# Data to use
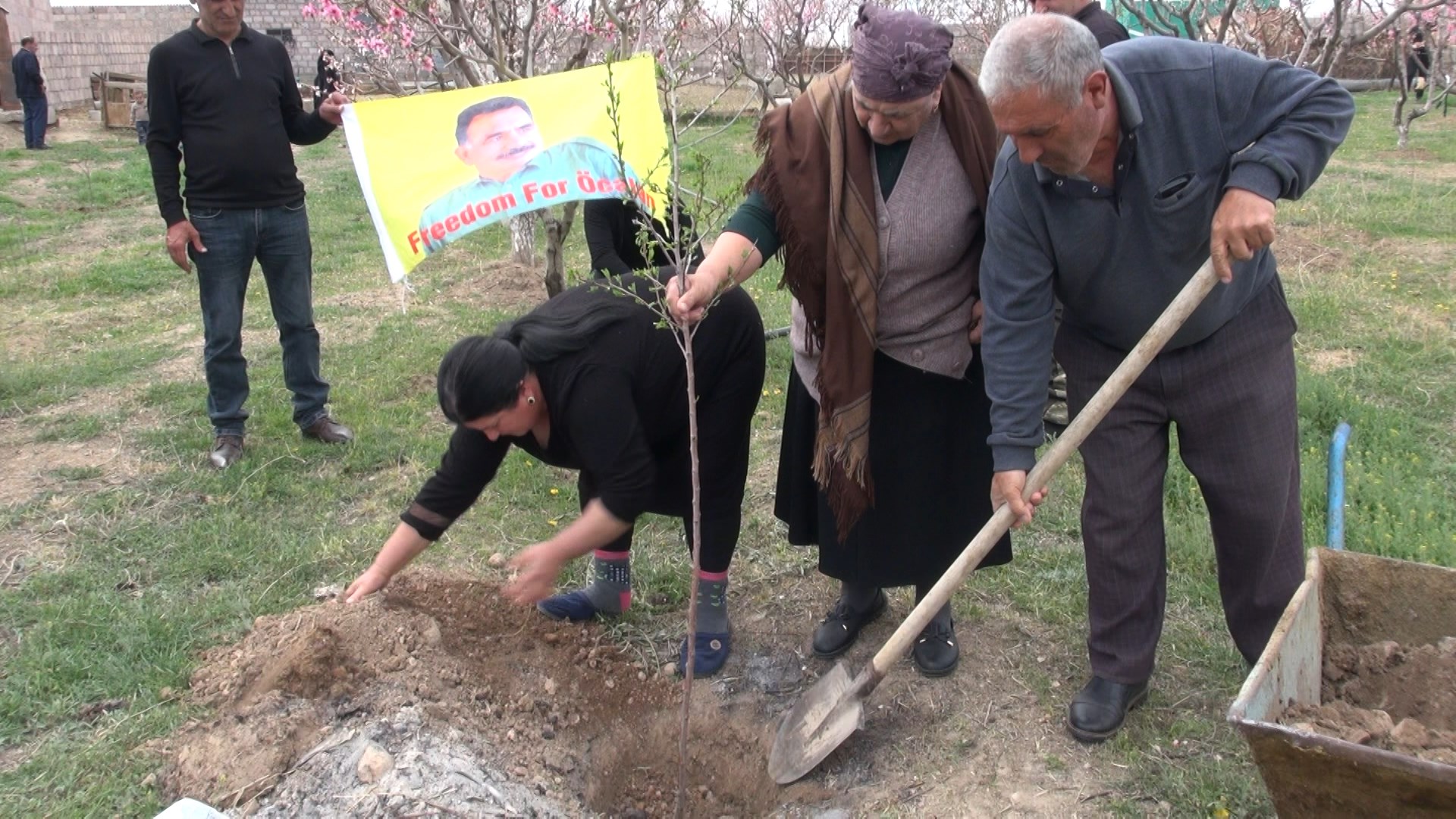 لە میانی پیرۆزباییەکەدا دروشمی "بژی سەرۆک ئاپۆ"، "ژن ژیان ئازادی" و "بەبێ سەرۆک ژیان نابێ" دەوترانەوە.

---

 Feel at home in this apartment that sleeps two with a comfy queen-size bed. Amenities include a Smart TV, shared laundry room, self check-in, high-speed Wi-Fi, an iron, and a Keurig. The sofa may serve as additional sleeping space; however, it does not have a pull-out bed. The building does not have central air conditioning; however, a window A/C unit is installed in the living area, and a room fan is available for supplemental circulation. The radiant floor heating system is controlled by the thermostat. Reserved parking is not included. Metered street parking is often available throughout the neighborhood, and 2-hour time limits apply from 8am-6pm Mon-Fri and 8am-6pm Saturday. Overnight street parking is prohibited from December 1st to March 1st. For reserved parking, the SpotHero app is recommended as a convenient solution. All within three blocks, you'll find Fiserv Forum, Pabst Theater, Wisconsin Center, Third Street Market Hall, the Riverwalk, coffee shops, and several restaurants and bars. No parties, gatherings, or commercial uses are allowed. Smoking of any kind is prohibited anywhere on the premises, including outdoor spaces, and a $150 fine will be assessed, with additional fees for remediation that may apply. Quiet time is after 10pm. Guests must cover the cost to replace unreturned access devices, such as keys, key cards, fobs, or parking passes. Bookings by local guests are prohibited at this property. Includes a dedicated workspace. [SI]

* * *

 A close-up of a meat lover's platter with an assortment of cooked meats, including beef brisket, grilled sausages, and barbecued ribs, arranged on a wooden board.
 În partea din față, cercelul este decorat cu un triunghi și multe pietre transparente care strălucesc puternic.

# What to work on
Starting at the line above that holds "A close-up of" and ending at the line that holds "În partea din", transcribe each line exactly and include no other lines.

# Task result
 A close-up of a meat lover's platter with an assortment of cooked meats, including beef brisket, grilled sausages, and barbecued ribs, arranged on a wooden board.
 În partea din față, cercelul este decorat cu un triunghi și multe pietre transparente care strălucesc puternic.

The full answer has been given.